Product liability litigation regularly involves the highest stakes in cases of extreme complexity. Faced with such franchise-threatening matters, the world’s leading corporations trust Paul, Weiss to lead them to victory. Our superior ability to establish a winning, long-term strategy, our unique skill at breaking down and presenting complicated material, and our vaunted trial prowess make us counsel of choice in many of the most important product liability lawsuits.
JM Eagle Prevails in High-Stakes FCA Case
- Client News
- June 5, 2020
Paul, Weiss prevailed in a high-stakes False Claims Act damages lawsuit against our client, JM Eagle, when a judge issued a judgment as a matter of law and dismissed the case.
JM Eagle, one of the world’s largest makers of plastic pipes, was sued by dozens of municipalities and water districts claiming its pipes were defective and that the company had falsely represented that they met industry standards. Paul, Weiss was retained in 2014, after the company, looking to different counsel, was found liable on False Claims Act claims by a jury in the “liability” phase of trial. Plaintiffs’ claims involved thousands of contracts and over $1 billion in lost value.
Our lawyers successfully repositioned the case and obtained rulings that the liability finding applied only to the five exemplar plaintiffs; that the plaintiffs could not seek damages for immediate replacement of all pipe because there was no imminent risk of failure; and that damages could only be awarded based upon the physical properties of the plaintiffs’ pipe. A bellwether jury trial on the exemplars’ $58 million damage claim (supported by a sophisticated engineering model) started trial in the fall of 2018. Paul, Weiss, led by David Bernick and Jaren Janghorbani, challenged all aspects of plaintiffs’ case, including plaintiffs’ understanding of the contract provisions and industry standards that predicated their liability theory. The team presented evidence that there was nothing wrong with the pipe at issue, that hard science showed the pipe would not fail prematurely, and that no damages had occurred. At the conclusion of the trial, the court ruled that the plaintiffs could not claim the construction costs associated with any future pipe failure, and limited recovery to the cost of the pipe, which was, at most, $1.2 to $2.1 million—a tiny fraction of the $58 million (before trebling) that plaintiffs had claimed for just these five plaintiffs.

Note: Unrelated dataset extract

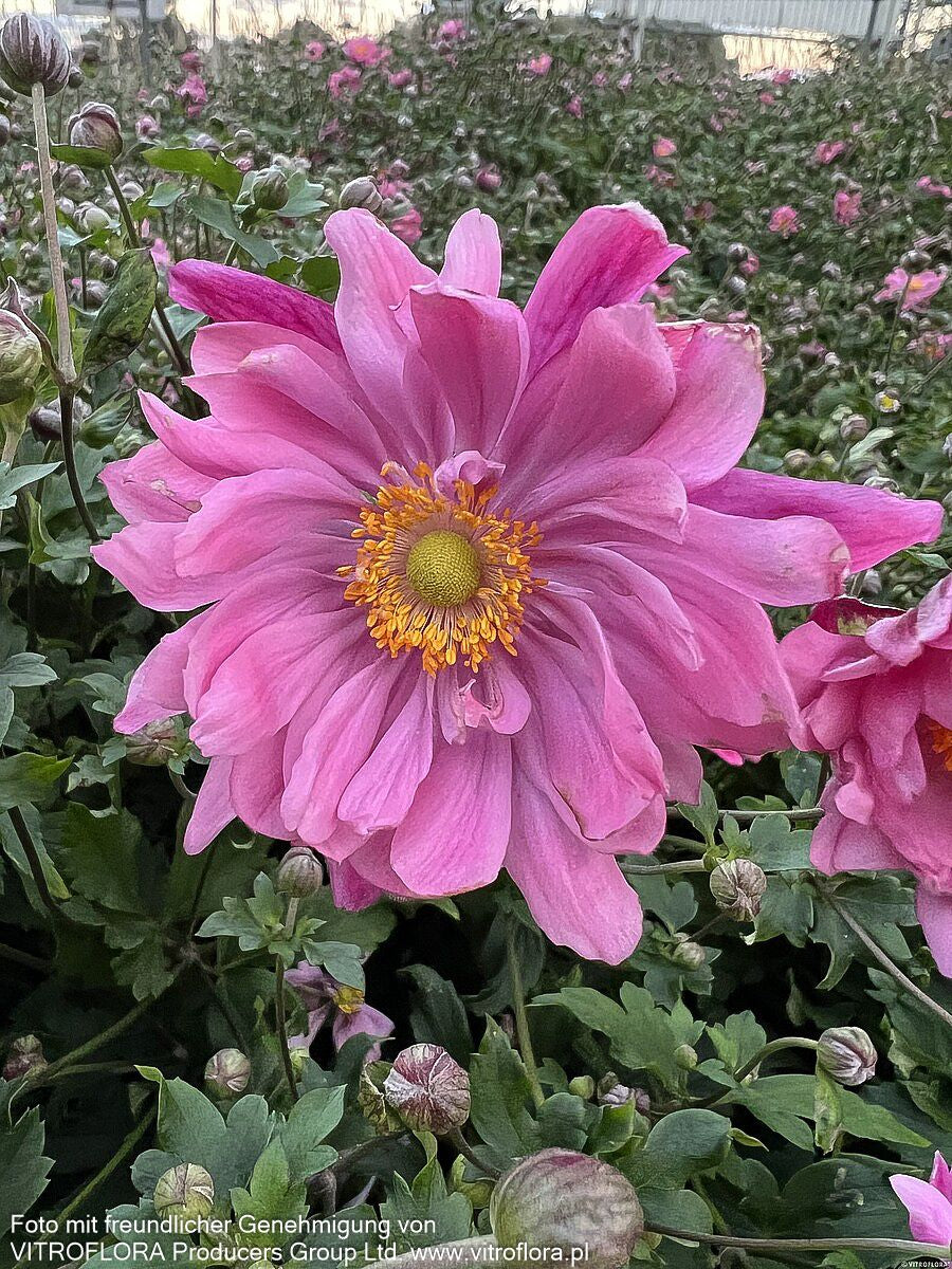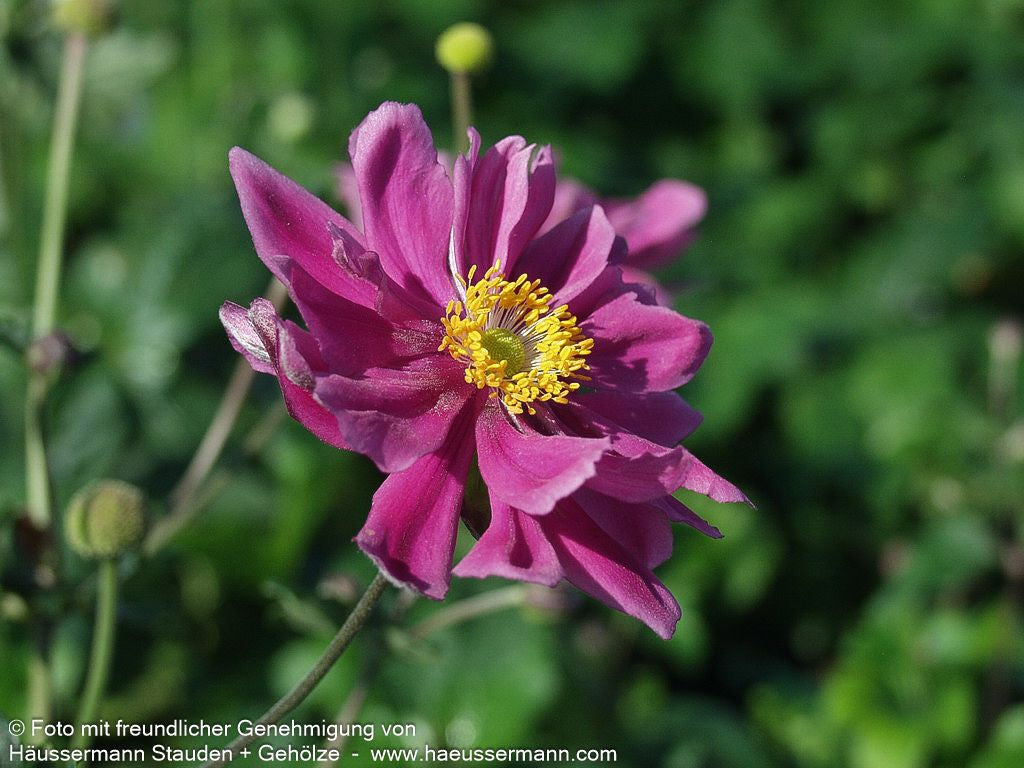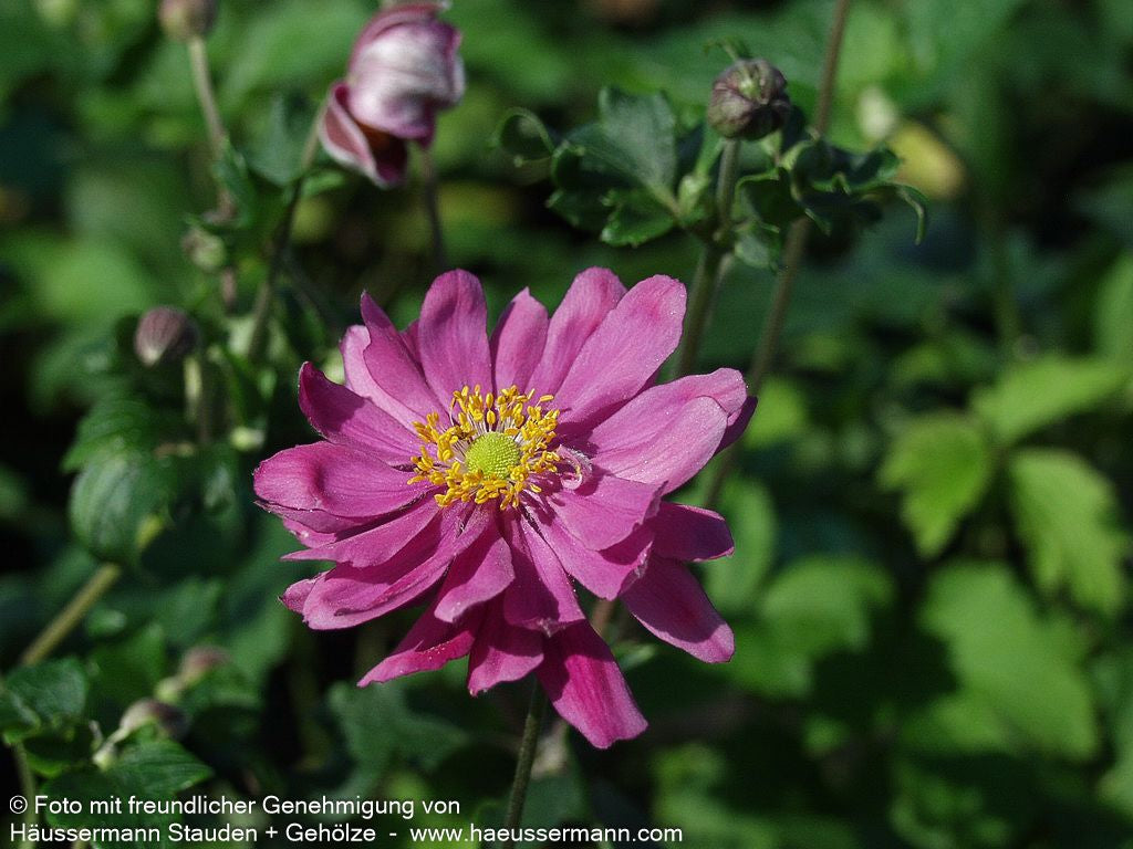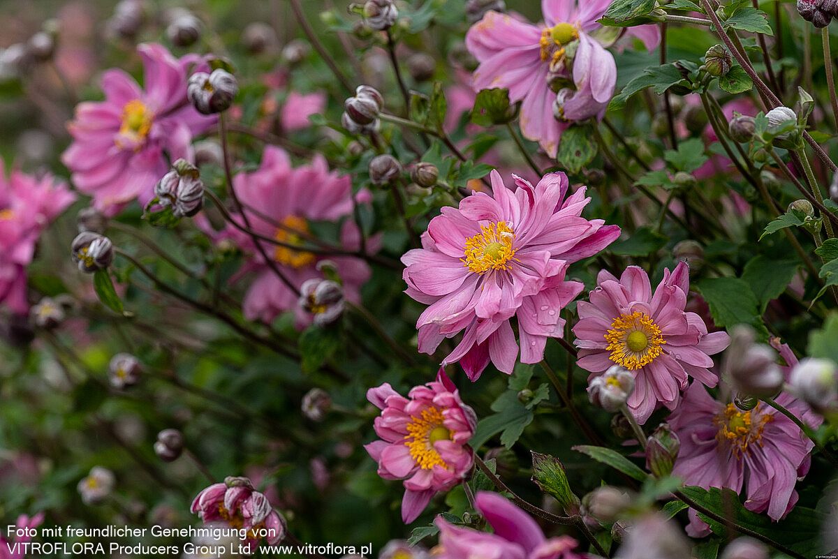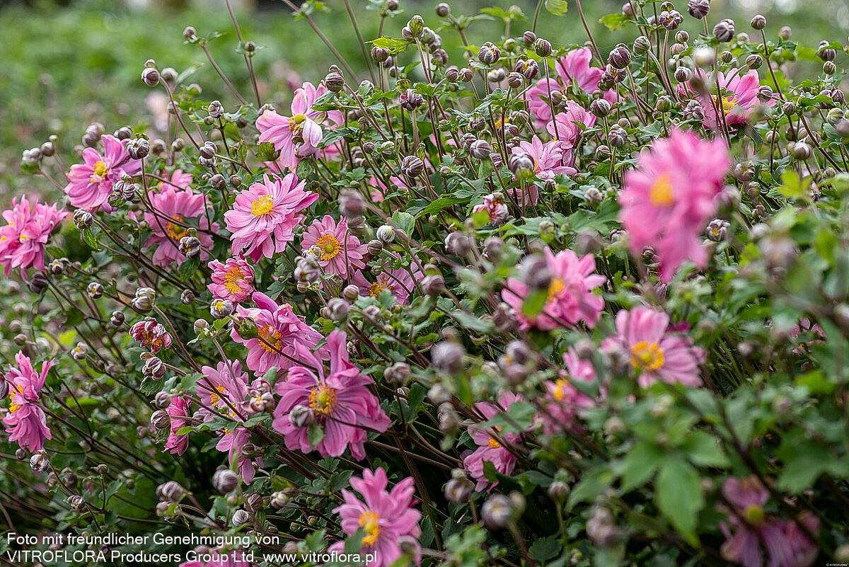 Die Herbst-Anemone (Anemone japonica 'Bressingham Glow') verzaubert mit ihren purpurrosa gefüllten Blüten und wurde nicht ohne Grund zur Staude des Jahres 2005 gekürt. Diese elegante Sternensorte erreicht eine beeindruckende Blütenhöhe von 80 bis 100 cm und blüht von August bis Oktober. Mit ihren tief-grünen, sommergrünen Blättern und der ausladenden Wuchsform gedeiht sie optimal an halbschattigen Standorten mit frischem Boden. Diese winterharte Staude ist perfekt für den Bauerngarten, als Insektennährpflanze und für die Floristik geeignet – ein echter Allrounder für anspruchsvolle Gärtner!

After five days, the jury deadlocked over all the questions they were asked to decide—including the threshold question of whether there was any deficiency in the physical properties of the plaintiffs’ pipe—and the court declared a mistrial. Subsequently, Paul, Weiss moved for judgment as a matter of law.
In a dramatic ruling rejecting damages entirely, the court granted the motion, holding that the plaintiffs had failed to provide any evidence at trial from which a jury could make a finding of an award of actual losses that would not be “erroneous as a matter of law,” “totally unfounded” or “purely speculative.” The court bolstered this determination with an extensive Daubert analysis, ultimately finding that the testimony of Plaintiffs’ key experts was barred.
The Paul, Weiss team included, among others, litigation partner Jaren Janghorbani.